'''
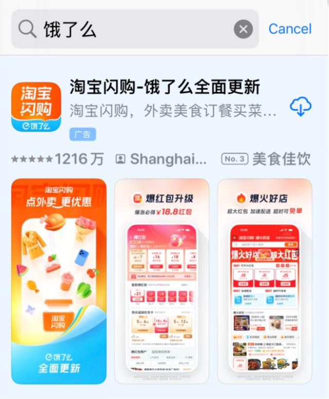 据《财经涂鸦》实测,12月15日,在苹果手机应用商店中搜索“饿了么”,可下载APP已显示为“淘宝闪购”。
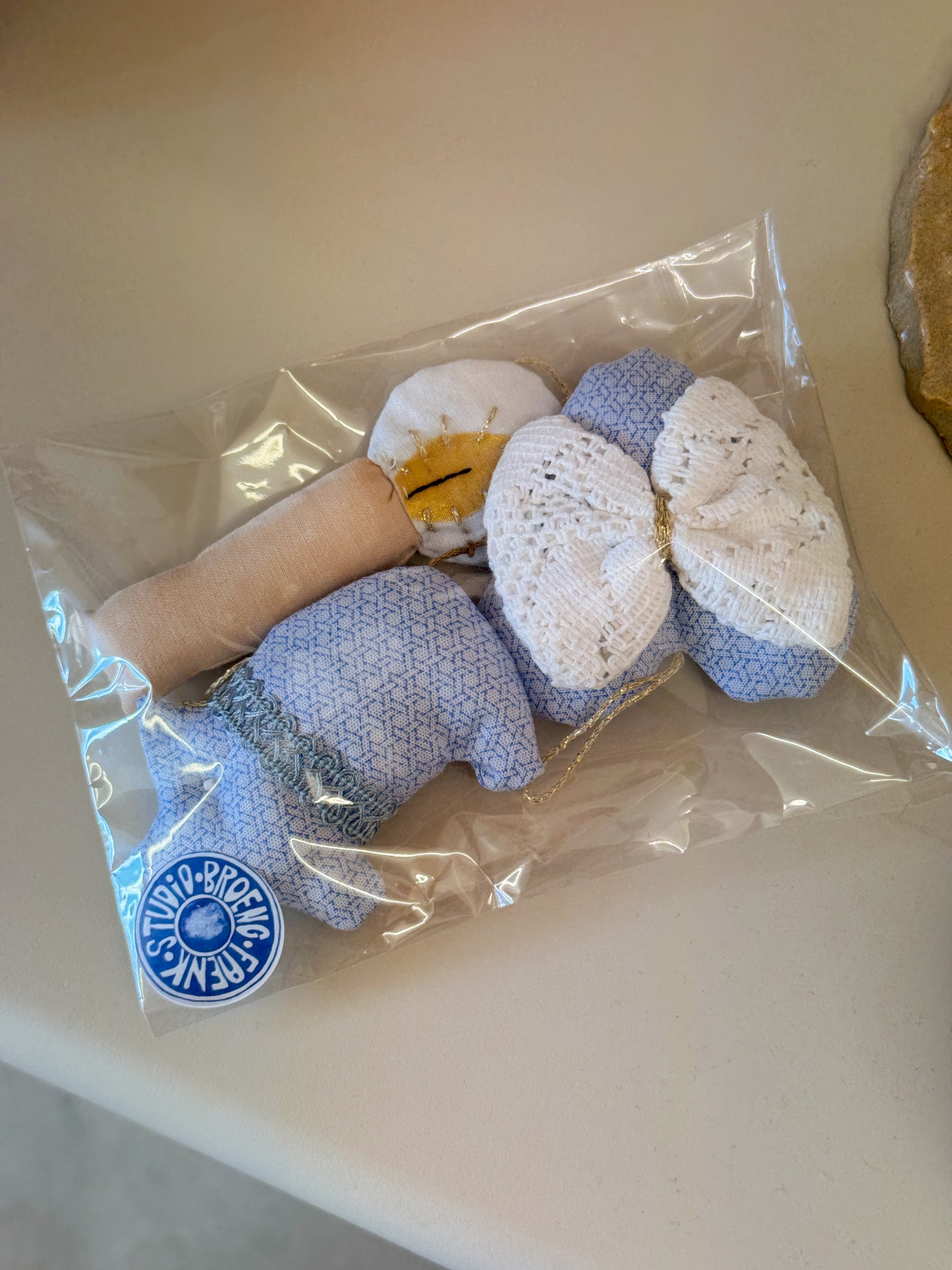 3-pak med forskellige udgaver af julepynt. Fåes i flere udgaver som alle er skabt i et mix af vintage- og plantefarvede tekstiler.
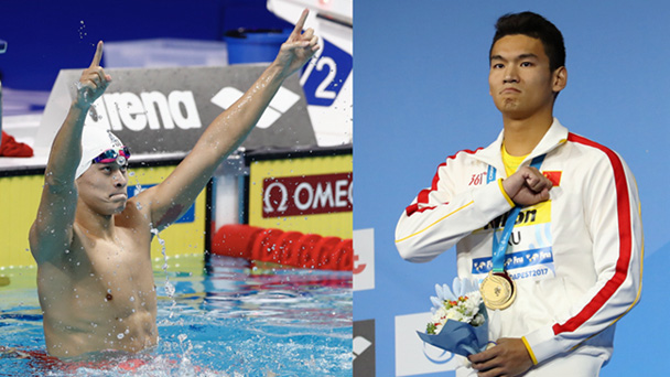 當日,在匈牙利布達佩斯進行的第17屆國際泳聯游泳世錦賽游泳男子200米自由泳決賽中,中國選手孫楊以1分44秒39的成績奪冠。新華社記者 丁旭 攝 新華社布達佩斯7月25日電(記者蘇斌 周欣)中國選手孫楊25日在2017年國際泳聯游泳世錦賽男子200米自由泳決賽中奪冠。
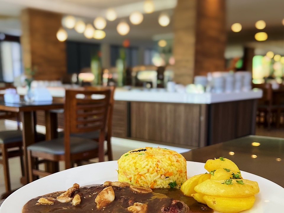 12. O café da manhã está incluso na diária e será servido no Restaurante do Hotel, das 6h30min às 10h00min. Dispomos de almoço a La carte das 12h00min às 14h30min e jantar também a La carte das 18h00min às 21h30min.
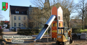 Aber nicht nur hier wird zur Zeit gebaut. Auch der Neubau des Spielplatzes auf dem Rathausplatz kommt voran. Das extra hergestellte Spielgerät in Form eines Ofens, welches sich Kinder wünschten, ist schon gut zu erkennen. Unter anderem haben die langen Lieferzeiten der Geräte dazu geführt, dass der Spielplatz nicht schon in 2018 fertig wurde, wie wir uns es gewünscht haben. Im Mai soll der Spielplatz eröffnet werden.
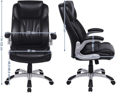 Extra nagy irodai szék, magas háttámlájú PU vezetői szék vastag üléssel és dönthető funkcióval, felhajtható karokkal, fekete:
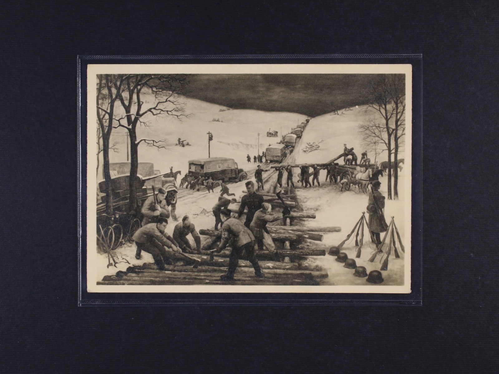 1403 jednobar. pohlednice "Unsere Arbeitsmänner im Kriegseinsatz ...", přepravena PP 1943, dobrá kvalita 200
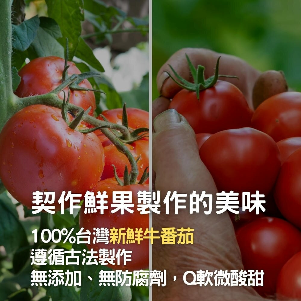 採用古法蜜煉,再以低溫慢烘的方式,保留番茄的果酸與香氣,避免高溫破壞營養與風味。
'''
[TASK TO COMPLETE]: Return exactly the lines from the one containing "Aber nicht nur" through the end of the records, leaving out every picture.

[SOLUTION FOR THIS TASK]:
 Aber nicht nur hier wird zur Zeit gebaut. Auch der Neubau des Spielplatzes auf dem Rathausplatz kommt voran. Das extra hergestellte Spielgerät in Form eines Ofens, welches sich Kinder wünschten, ist schon gut zu erkennen. Unter anderem haben die langen Lieferzeiten der Geräte dazu geführt, dass der Spielplatz nicht schon in 2018 fertig wurde, wie wir uns es gewünscht haben. Im Mai soll der Spielplatz eröffnet werden.
 Extra nagy irodai szék, magas háttámlájú PU vezetői szék vastag üléssel és dönthető funkcióval, felhajtható karokkal, fekete:
 1403 jednobar. pohlednice "Unsere Arbeitsmänner im Kriegseinsatz ...", přepravena PP 1943, dobrá kvalita 200
 採用古法蜜煉,再以低溫慢烘的方式,保留番茄的果酸與香氣,避免高溫破壞營養與風味。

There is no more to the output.